After seven years, and probably 10 MILLION dollars, (or more), SA still can't provide someone capable of performing a femoral cannulation, for every case??? The perfusion procedure is the "backbone" of the services SA is said to be providing. If you don't have someone capable of performing a good cannulation, and someone capable of safely performing the perfusion, you have virtually nothing. Also, let's not forget the importance of having someone capable of gaining IV access on a patient with no blood pressure. SA was probably lucky, in that Mr. Henderson was in a hospital, so we can assume he had at least one IV already in place.

"Team-leader Catherine Baldwin had years of experience doing surgery on laboratory animals, but not humans. Catherine solicited the assistance of a funeral director to isolate the blood vessels. "

Does this mean Ms. Baldwin thinks someone who has "had years of experience doing surgery on laboratory animals" is less qualified than a funeral director, for performing a femoral cannulation? What good are Ms. Baldwin's "years of experience doing surgery," if she won't perform the primary surgical procedure associated with SA's services? Isolating the femoral vessels is a relatively easy surgical task, and I believe funeral directors aren't really known for their finesse, as they typically don't have to be concerned with inflicting additional internal damage on their clients.

What were the qualifications of the "surgeon" who showed up but couldn't stick around for the procedure, and the "surgeon" who couldn't make it in time? Were they actual surgeons who have performed femoral cannulations on humans? Or, has most of their experience been with animals, just as Ms. Baldwin's?

"Catherine and the New York funeral director arrived at the funeral home of CI's funeral director Jim Walsh at about 3:30am on Friday morning. Mr. Walsh opened Curtis' chest with a median sternotomy. He could have perfused through the ascending aorta, but insofar as there was already a cannula in place in the femoral artery that had been placed by SA. Catherine told Jim that the cannula in the femoral artery extended all the way up to near the heart. Jim decided to use the existing cannula and take drainage from the jugular. Part of his rationale was concern about problems from pacemaker wires close to the heart. He clamped the axillary arteries as well as the descending aorta (thinking that the cannula in the descending aorta was not being constricted).
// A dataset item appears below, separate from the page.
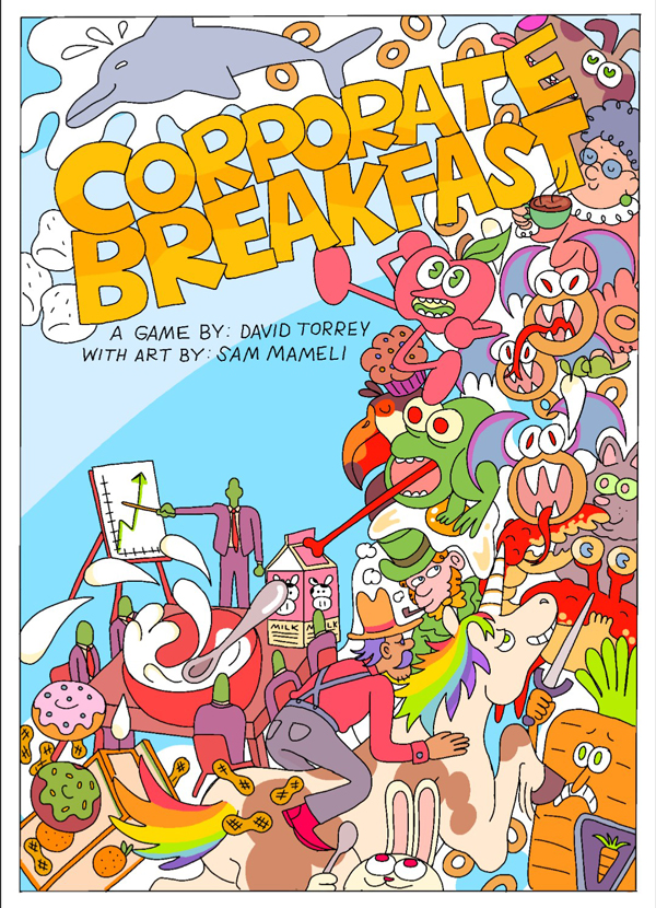 Oh! Before I forget, I want to tell everyone about Corporate Breakfast! A game created by David Torrey with art by Sam Mameli! |  | “Welcome to the Corporate Breakfast Corporation! We are happy to have you as the newest member of our breakfast cereal naming team, it’s a vacancy well overdue to be filled! Our naming techniques have gone stale so we are introducing a new method. We will give you a hand of random words and allow you to swap out some to come up with the best name and pitch! Once you present it to the board, they will decide on which name is the best one to move forward with. If they select yours, congratulations! It is a major honor that comes with huge bragging rights!”

In retrospect, the main advantage in opening the chest was the ability to clamp the descending aorta, because the decision to use the femoral cannula was only made after the chest had been opened."
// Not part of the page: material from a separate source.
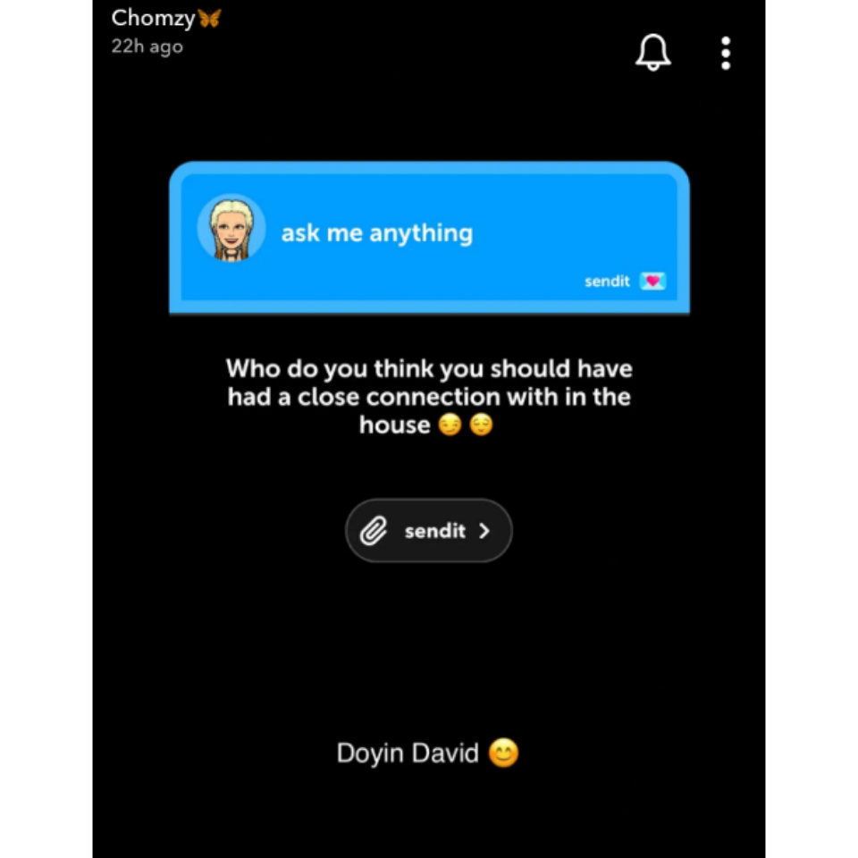 A supporter asked Chomzy who among her co-housemates she should have had close connection with in the Biggie’s House, and she simply replied, “Doyin David”.

There's no "rational rationale" in performing additional cannulations, if the femoral cannulae are in place, and a proper washout has been performed, without complications related to the cannulation. Plenty of heart surgeries are performed, via femoral cannulation. I think I see a lot of evidence as to why cryonics organizations are going to have to either educate a select group of funeral directors, or find "surgeons" who feel confident in performing cannulations.
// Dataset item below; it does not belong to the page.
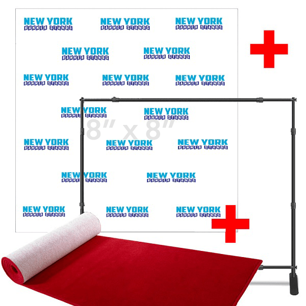 8′ x 8′ Fabric Step and Repeat Banner with Stand and 4′ x 8′ Carpet

Was either of the SA vehicles that get so much publicity, and are used for training sessions, used?

Finally, is the SA case report being written by team members who were actually present for the procedure, or by non-medical professionals who weren't even there? If the case is the latter, I will feel compelled to assume some creative writing is taking place, especially given the time-frame in producing the reports.